_Recorded information_
● ● ●
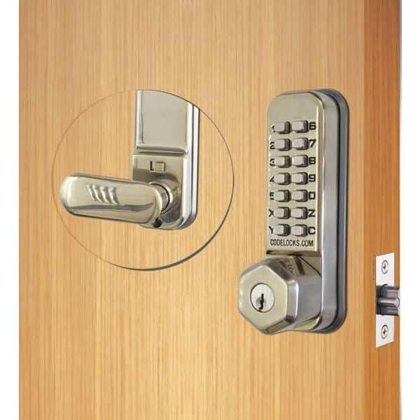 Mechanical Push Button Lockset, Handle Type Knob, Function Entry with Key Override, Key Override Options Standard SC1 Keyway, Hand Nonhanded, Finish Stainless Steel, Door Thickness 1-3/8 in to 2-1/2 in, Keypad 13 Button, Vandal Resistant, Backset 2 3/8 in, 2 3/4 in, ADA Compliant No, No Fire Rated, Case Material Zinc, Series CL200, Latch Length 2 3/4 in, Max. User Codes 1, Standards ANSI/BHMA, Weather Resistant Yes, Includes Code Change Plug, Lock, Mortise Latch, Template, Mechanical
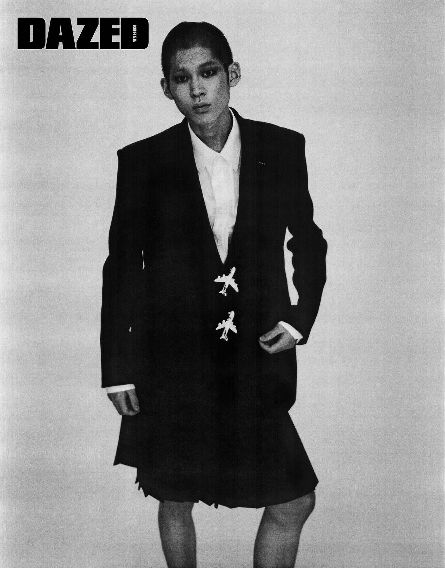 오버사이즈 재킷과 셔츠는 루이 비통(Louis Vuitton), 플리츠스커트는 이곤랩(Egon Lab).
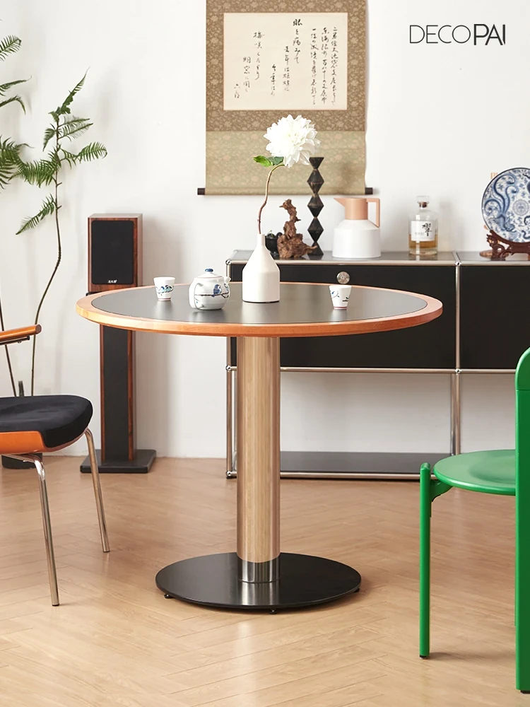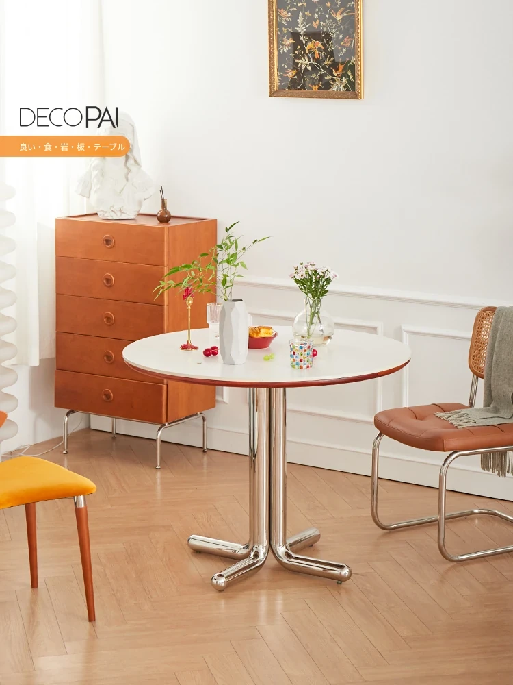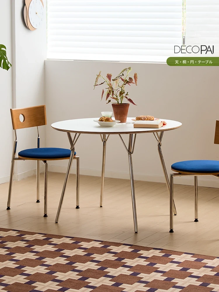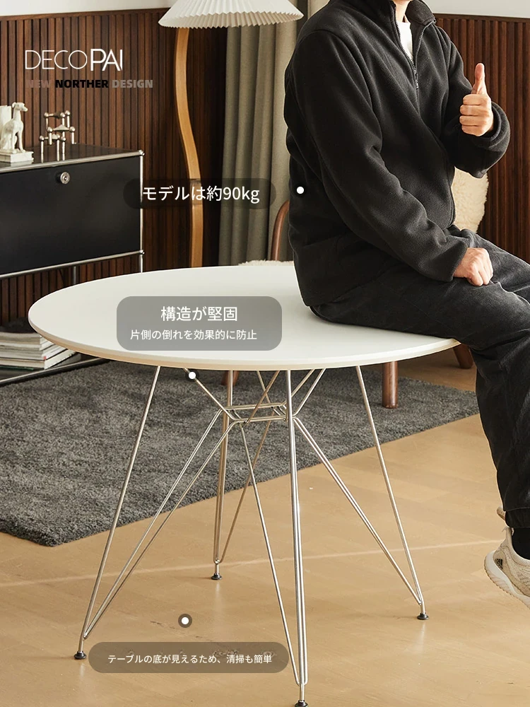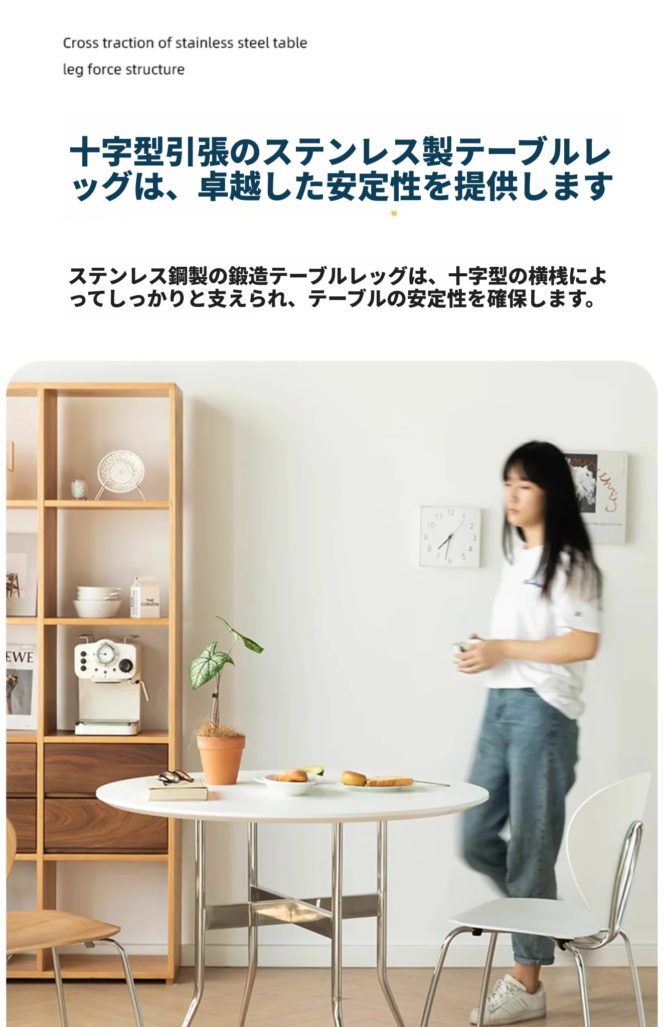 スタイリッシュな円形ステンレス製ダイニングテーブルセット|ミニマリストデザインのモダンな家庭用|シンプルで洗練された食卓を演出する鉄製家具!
● ● ●
_Exercise aim_
Write out the listing above exactly, images omitted.

_Response to this task_
 Mechanical Push Button Lockset, Handle Type Knob, Function Entry with Key Override, Key Override Options Standard SC1 Keyway, Hand Nonhanded, Finish Stainless Steel, Door Thickness 1-3/8 in to 2-1/2 in, Keypad 13 Button, Vandal Resistant, Backset 2 3/8 in, 2 3/4 in, ADA Compliant No, No Fire Rated, Case Material Zinc, Series CL200, Latch Length 2 3/4 in, Max. User Codes 1, Standards ANSI/BHMA, Weather Resistant Yes, Includes Code Change Plug, Lock, Mortise Latch, Template, Mechanical
 오버사이즈 재킷과 셔츠는 루이 비통(Louis Vuitton), 플리츠스커트는 이곤랩(Egon Lab).
 スタイリッシュな円形ステンレス製ダイニングテーブルセット|ミニマリストデザインのモダンな家庭用|シンプルで洗練された食卓を演出する鉄製家具!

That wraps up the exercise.